#### [The data]

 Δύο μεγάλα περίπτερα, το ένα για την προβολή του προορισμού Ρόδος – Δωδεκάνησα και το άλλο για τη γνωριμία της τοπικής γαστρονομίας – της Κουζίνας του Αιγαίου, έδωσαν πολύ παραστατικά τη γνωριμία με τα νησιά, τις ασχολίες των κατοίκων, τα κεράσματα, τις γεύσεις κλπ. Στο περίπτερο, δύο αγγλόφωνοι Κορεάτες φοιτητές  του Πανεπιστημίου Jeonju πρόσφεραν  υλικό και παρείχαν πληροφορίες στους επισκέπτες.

==

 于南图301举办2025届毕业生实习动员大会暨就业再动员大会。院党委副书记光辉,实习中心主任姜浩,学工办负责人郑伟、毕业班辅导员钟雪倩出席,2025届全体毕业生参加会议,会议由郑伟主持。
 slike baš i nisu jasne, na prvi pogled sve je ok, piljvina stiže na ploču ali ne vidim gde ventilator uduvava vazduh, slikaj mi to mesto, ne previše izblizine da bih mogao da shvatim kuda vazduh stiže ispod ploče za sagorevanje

#### [Required work]
From the entries above, write out only the lines starting at the line that holds "于南图301举办2025届毕" and ending at the line that holds "slike baš i", keeping both and matching them exactly.

#### [Task output]
 于南图301举办2025届毕业生实习动员大会暨就业再动员大会。院党委副书记光辉,实习中心主任姜浩,学工办负责人郑伟、毕业班辅导员钟雪倩出席,2025届全体毕业生参加会议,会议由郑伟主持。
 slike baš i nisu jasne, na prvi pogled sve je ok, piljvina stiže na ploču ali ne vidim gde ventilator uduvava vazduh, slikaj mi to mesto, ne previše izblizine da bih mogao da shvatim kuda vazduh stiže ispod ploče za sagorevanje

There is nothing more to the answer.